JAKARTA, KOMPAS.com - Head of Research Data Indonesia Herry Gunawan mengatakan, kebijakan Menteri Keuangan Sri Mulyani Indrawati terkait pengenaan pajak terhadap penjualan pulsa hingga token listrik ini ada kemungkinan besar distributor akan bebankan ke pengecer.
Kemudian, pengecer juga akan membebankan Pajak Pertambahan Nilai (PPN) tersebut ke konsumen.
Selain soal kenaikan harga di level konsumen, Herry juga menyoroti soal ketimpangan perpajakan yang diakibatkan kebijakan tersebut.
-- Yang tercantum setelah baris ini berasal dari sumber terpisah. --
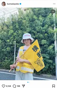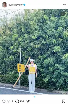 タレントの熊田曜子(42)が11日、自身のSNSを更新。黄色いベストを着て、交通当番する姿を公開し、注目を集めている。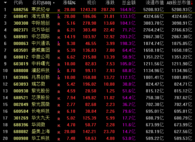 1板:科德教育、佳都科技、东方明珠、合 力 泰、宏和科技、云天励飞、川润股份、方正科技、航锦科技、品高股份、远程股份、高新发展、中科曙光、好 上 好、安孚科技、中材科技、华东重机、群兴玩具、鼎泰高科、禾盛新材、旭光电子、广安爱众、伟隆股份、奥海科技、盛美上海、东材科技、海光信息、昆仑万维、和 而 泰、兆易创新、艾 布 鲁、寒 武 纪、成都华微、浙大网新

Baca juga: Pemerintah Tunjuk eBay dan NordVPN Jadi Pemungut PPN mulai 1 Februari
Ia mempertanyakan mengapa para pemain pasar uang di dalam negeri yang kaya raya tidak dipajaki, sedangkan rakyat kecil pembeli pulsa dipajaki.
“Kebijakan seperti itu kontraproduktif. Sementara pembeli global bond bebas pajak alias dapat subsidi pemerintah. Ketimpangan yang nyata. Kencang ke bawah, lunak ke atas,” kata Herry melalui keterangan tertulis, Selasa (2/2/2021).
Sementara itu, Managing Director Political Economy and Policy Studies (PEPS) Anthony Budiawan menilai, pengenaan PPN pulsa dan kartu perdana yang diperkuat dengan Peraturan Menteri Keuangan PMK No 6/PMK.03/2021 masih absurd.
"Pertama, di dalam PMK tidak terdapat rujukan peraturan lama yang perlu disederhanakan sehingga masyarakat menanggapinya sebagai pajak baru. Untuk itu, mohon Menteri Keuangan yang terhormat berkenan memberi peraturan lama sebagai bahan sosialisasi kepada sekelompok masyarakat yang berkepentingan," kata Anthony.
Kedua, karena tidak ada rujukan peraturan lama, pasal 2 menyiratkan pulsa dan kartu perdana, fisik maupun elektronik dikenai PPN yang berlaku per 1 Februari 2021, sebagai pajak baru.
Baca juga: Ditjen Pajak Tunjuk Enam Perusahaan Digital untuk Pungut PPN 10 Persen
Selain itu, Anthony menyoroti Pasal 4 pada Ayat 1 dan 2 yang membahas pungutan dan pengenaan PPN.
Menurut dia, pungutan dan pengenaan PPN merupakan dua hal berbeda.
Sebab, sejatinya pulsa dan kartu perdana bukan barang kena pajak.
Alasannya, pulsa dan kartu perdana bukan merupakan barang konsumsi tetapi hanya sebagai sarana penyimpan uang dengan nilai tertentu yang dapat dibelanjakan untuk melakukan panggilan telpon atau data (internet), setelah dompet tersebut diaktifkan.
Sedangkan kartu perdana yang berisi nomor telepon adalah sarana untuk melakukan pemanggilan telepon atau akses data (internet).
"Adapun barang konsumsi atau barang kena pajak yang sebenarnya adalah pemakaian telepon (pulsa) dan data (internet) atau singkatnya jasa telekomunikasi. Artinya, barang kena pajak yang dimaksud adalah pulsa yang dipotong oleh penyelenggara telekomunikasi seperti Telkom, Telkomsel, dan lainnya," jelas Anthony.
Baca juga: Berlaku Hari Ini, Pajak Pulsa untuk Distributor Besar, Bukan Pengecer dan Konsumen
Anthony menambahkan, ketika pulsa diserahkan kepada pelanggan yang terjadi adalah perpindahan penyimpanan uang dari kas atau bank pelanggan ke bentuk kartu pulsa.